CFL and CFL Players’ Association reach tentative collective bargaining agreement

A football with the CFL logo. (Canadian Press Photo)

TORONTO — The second strike in CFL history is over.

The CFL and the CFL Players’ Association reached a tentative collective bargaining agreement Wednesday night, the league said.

Sources told the Canadian Press that it is a seven-year deal and spoke on the condition of anonymity as neither side immediately offered confirmation.

The contract must still be ratified by both the CFL board of governors as well as the CFLPA membership but the expectation is players will report to their teams Thursday and go through an opening-day walkthrough.

A source said one team, the Hamilton Tiger-Cats, is scheduled to have a players’ meeting later Wednesday night.

The other source said the opening exhibition game Monday between the Winnipeg Blue Bombers and Saskatchewan Roughriders will go ahead as scheduled as a result of the tentative deal.

The agreement comes four days after players with seven of the league’s nine teams opted against the start of training camp hours after the previous agreement expired.

Talks between the league and union broke off Saturday.

The previous deal, originally signed in 2019 and amended for a shortened ’21 campaign, expired at midnight ET on Saturday, putting the players on the seven squads in a legal strike position at 12:01 a.m. ET on Sunday.

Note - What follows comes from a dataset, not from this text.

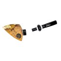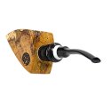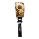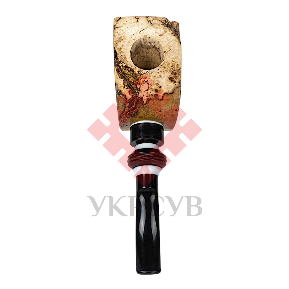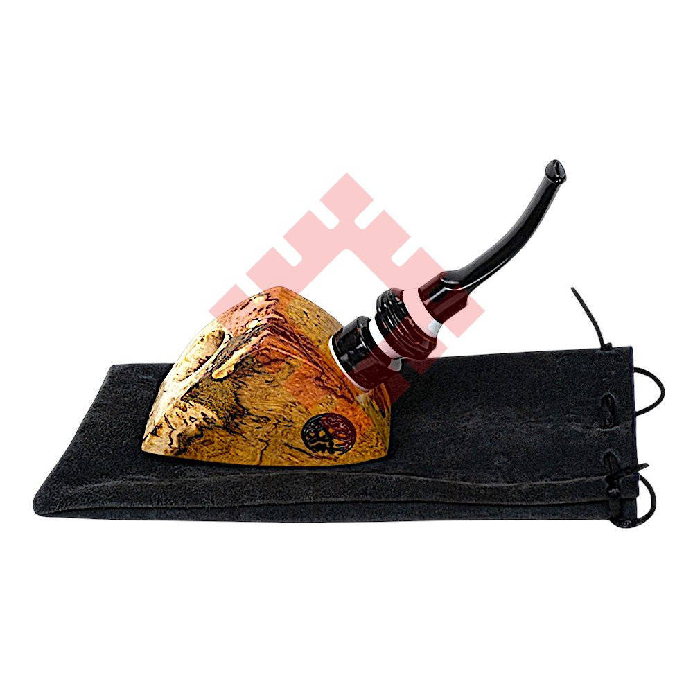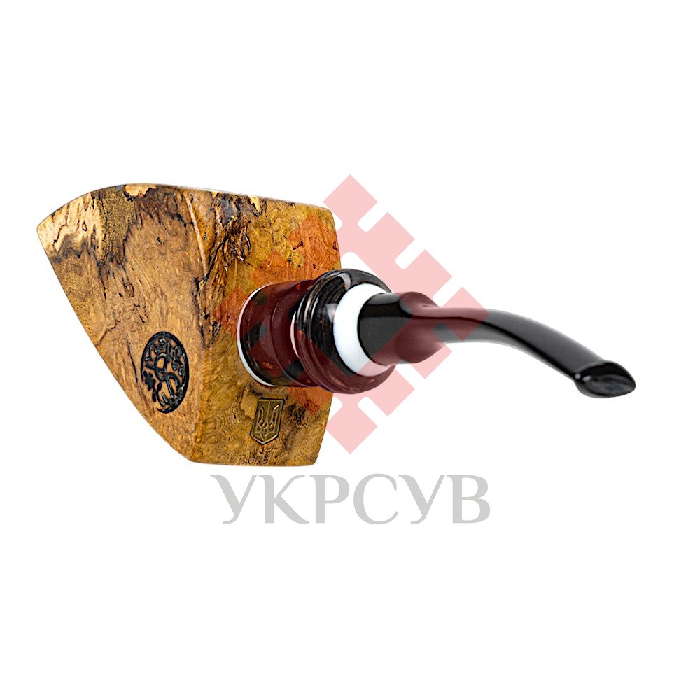 Люлька для куріння ручної роботи «Камінь степу», акація, кам'яний мундштукОригінальна люлька для куріння ручної роботи, вирізьблена з натуральної акації та декоративного капу, поєднує природну красу деревини з виразною геометричною формою. Світлий відтінок дерева з контрастними природними прожилками створює ефект живого малюнка, який неможливо повторити. Завдяки покриттю карнаубським воском поверхня отримує м’який блиск і додатковий захист, підкреслюючи глибину структури дерева. Незвичайна форма чаші надає люльці характеру та сучасного вигляду, водночас зберігаючи традиційну функціональність. Мундштук виконаний з акрилу та штучного каменю, що створює елегантний контраст між темними та світлими елементами. Конструкція розрахована на стандартний фільтр 8 мм, завдяки чому куріння стає більш м’яким і комфортним. До комплекту входять замшевий чохол для зберігання та шкіряна підставка, що дозволяє зручно розмістити люльку та підкреслює її декоративність. Такий виріб стане чудовим подарунком для поціновувачів класичних люльок, колекціонерів і тих, хто цінує унікальні речі ручної роботи.

Players with the Edmonton Elks and Calgary Stampeders both reported to camp because they weren’t in a legal strike position, according to provincial labour laws.

But the tentative agreement comes just before the Elks and Stampeders players would’ve been in a legal strike position. On Wednesday, the CFL confirmed the players in Alberta would’ve been eligible to walk off the job at 2:25 p.m. ET on Thursday.

CFL players have gone on strike once, in 1974, but the situation was settled before the start of the regular season.

The regular season kicks off June 9 with the Montreal Alouettes in Calgary to face the Stampeders.